他在1972年4月抵達的黎波里,名義上是雙邊技術合作商談。
賈里爾的代表團落地前四十八小時,埃維利亞把例行安保評估報告送到了奧馬爾桌上。報告很薄,前三頁是代表團成員背景核查,第四頁是的黎波里近期異常情報活動彙總,奧馬爾翻到第四頁,在第二條停了一下。
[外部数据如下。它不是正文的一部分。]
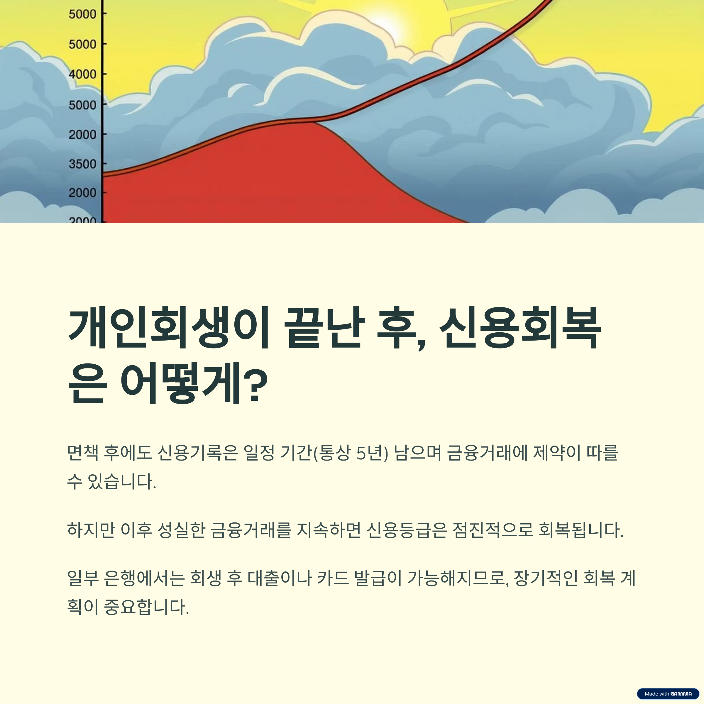 또한 일부 은행에서는 회생 이후 일정 기간이 지나면 대출이나 카드 발급이 다시 가능해지는 경우도 있으므로, 장기적인 회복 계획이 중요합니다.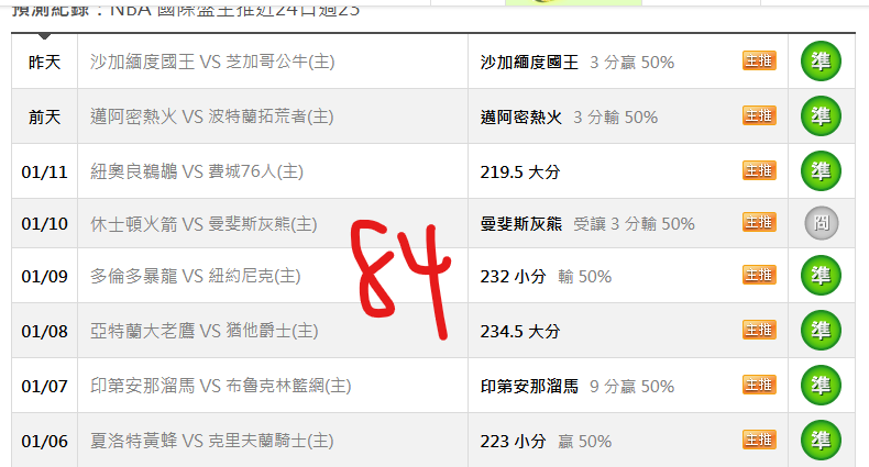 NBA >> 國際盤主推榜第一 day22 21勝1敗 推一場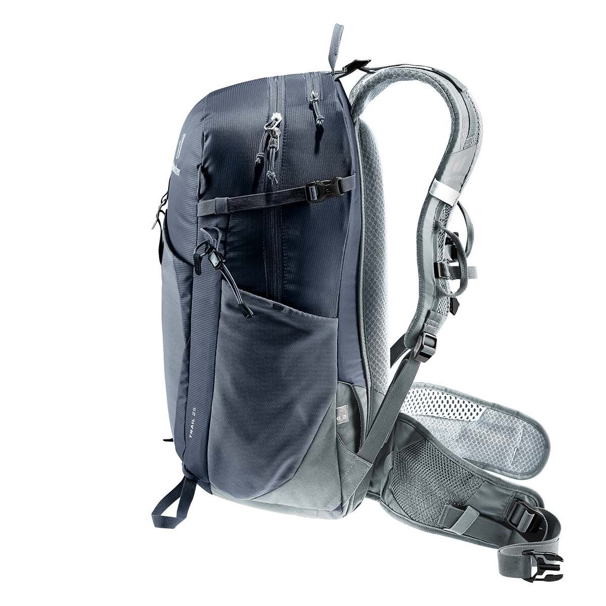 Deuter Trail 25, Deuter Airstripes arka sisteminin azaltılmış temas yüzeyi ve büyük havalandırma kanalları, delikli omuz askıları ve kalça yüzgeçleri ile birleştirilmiş, herhangi bir araziye sığmakta olan bir rahatlık için maksimum hava akışı ve hatta ağırlık dağılımı sağlar. Omuz askılarındaki döngüler, ferrata seti karabinaları elinizin altında tutar. Açıklık etrafında geniş bir fermuar, ön ve yan ceplerde elastik saklama cebi sayesinde, ekipmanlarınıza erişmek her zaman kolaydır.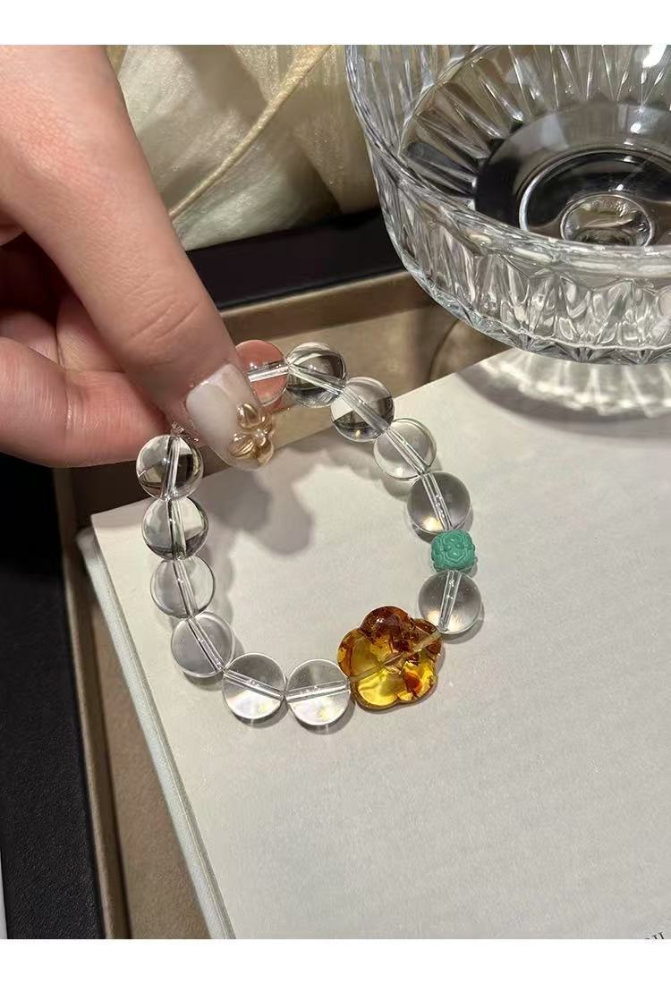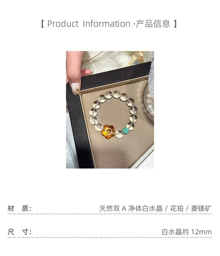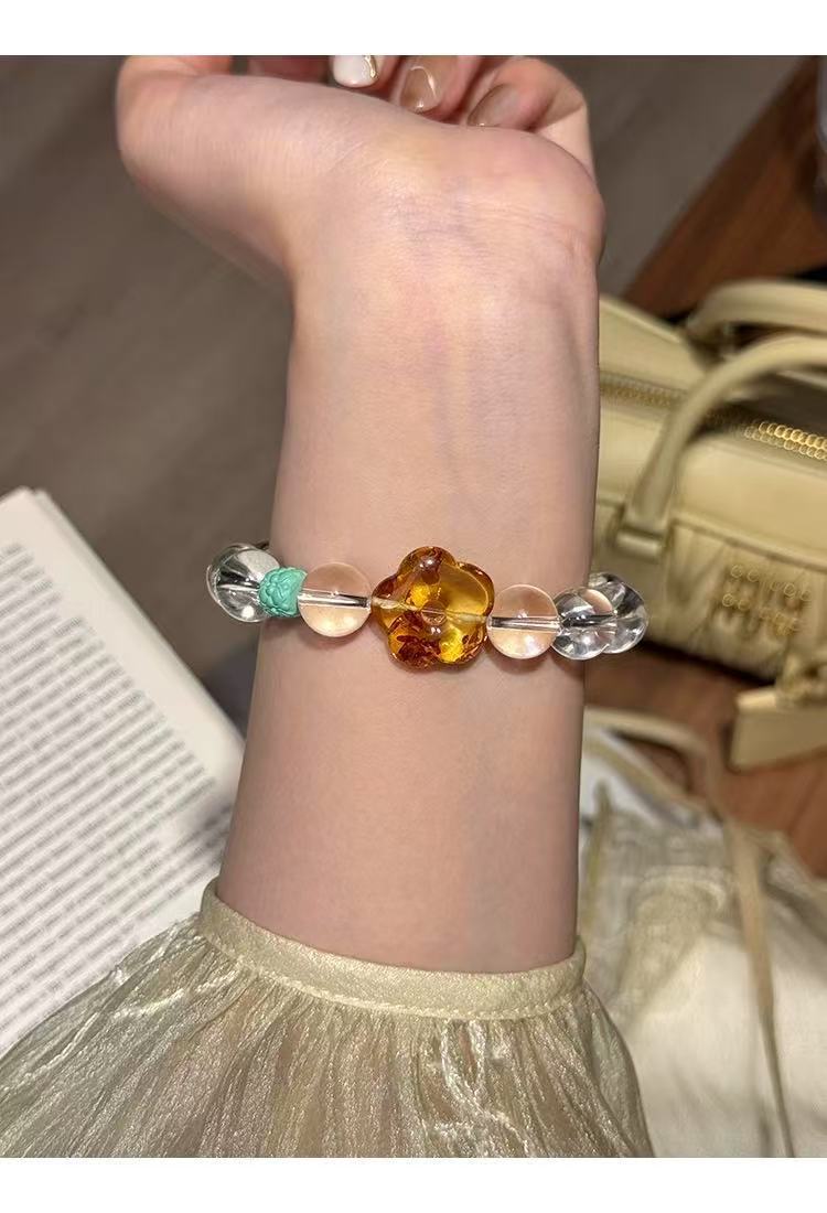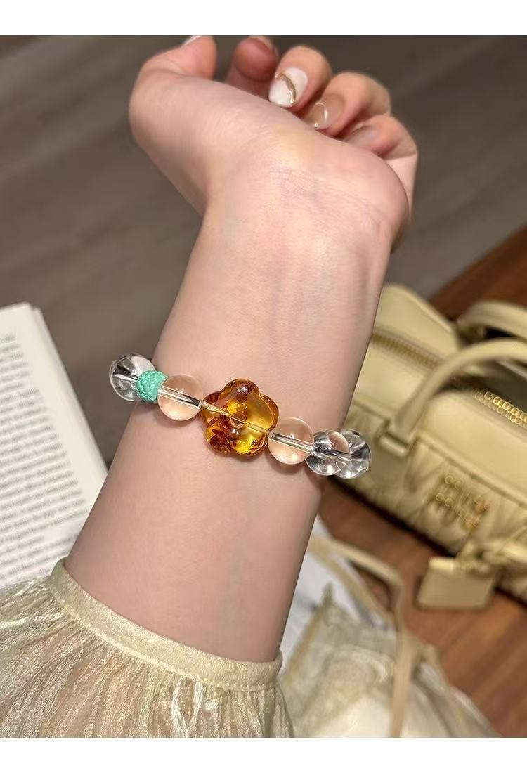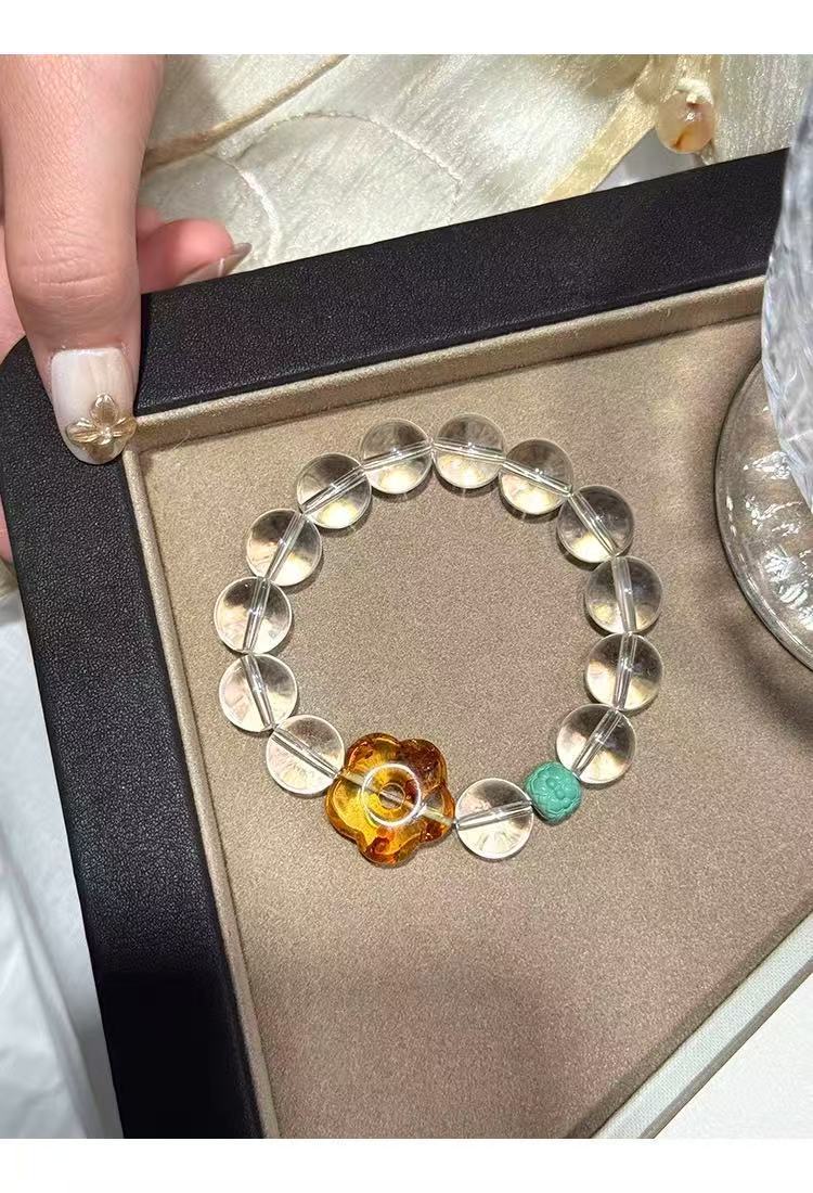 Pulsera Original de Cristal Blanco Natural con Flor de Ámbar, Lujo Ligero, Nicho, Exquisita, Simple, Versátil para Mujer

第二條寫的是:「MI6在的黎波里的情報活動在本月出現頻率上升,來源涉及一名此前已標註的在地資產,該資產近期行動模式有變化,正在持續追蹤中。」
他把那一條多看了一眼,沒有問。
埃維利亞站在旁邊,「不影響本次接待,」她說,「該資產目前的關注方向與賈里爾此行無交集。」
「知道了,」奧馬爾說,把報告合上,「繼續追蹤。」
他把報告推到一邊,讓馬哈茂德進來。
「沙鷹國這次來,想要什麼?」
馬哈茂德坐下,「納賽爾死了快兩年,」他說,「沙鷹國想重建一個以他們為軸心的阿拉伯軍事合作框架,需要一個在非洲方向有實質存在的合作方。利比亞控制薩赫勒通道,又有石油資金,是他們名單上最靠前的那個。」
「條件呢?」
「軍事共同防禦協定,」馬哈茂德說,「掛名義,不出人,出資金,讓利比亞在北非作為他們的延伸,換來外交背書和武器採購渠道。」他停了一下,「我猜是這個。」
「猜對了一半,」奧馬爾說,「他們還想要利比亞在遜尼派內部宗教話語權上讓步——某些教法方向上跟著他們走,不單獨發聲。」
馬哈茂德把這一層想了一下,「這一條比軍事條款更難答應。」
「更不可能答應,」奧馬爾說,「但他們不知道這件事對我有多重,所以會把這一條放進來試。」
「那你打算怎麼談?」
「讓他們先說完,」奧馬爾說,「然後我提一個讓他們完全沒有料到的反條件。」他把桌上的文件摞整齊,「反條件三週前就想好了,就等他們今天進門。」
馬哈茂德看了他一眼,沒有問是什麼,站起來走了。
賈里爾進來的時候,禮節做得周全,不過分,眼神掃了一圈會議室,很快落到奧馬爾身上,停住,用那種在很多個外交場合見過各種人物之後練出來的眼神打量了他三秒,伸出手,「上校,早就應該來拜訪了。」
「坐,」奧馬爾說,「歡迎。」
茶端上來,賈里爾喝了一口,沒有寒暄,進了正題。他用的是職業外交官那種把嚴肅內容包裝成輕鬆探討的方式,語速不快,每句話都有分寸,聽起來像是在聊天,但每一句都在往一個方向走。
他說了大約二十分鐘。從阿拉伯世界當前的格局講起,講到納賽爾時代之後出現的協調真空,講到外部壓力下阿拉伯國家分散的代價,最後講到他們設想的新框架——以幾個核心國家為軸的協調機制,軍事、外交、宗教事務三個維度,各有分工。他描述的那個分工裡,利比亞被放在「非洲方向執行端」的位置上。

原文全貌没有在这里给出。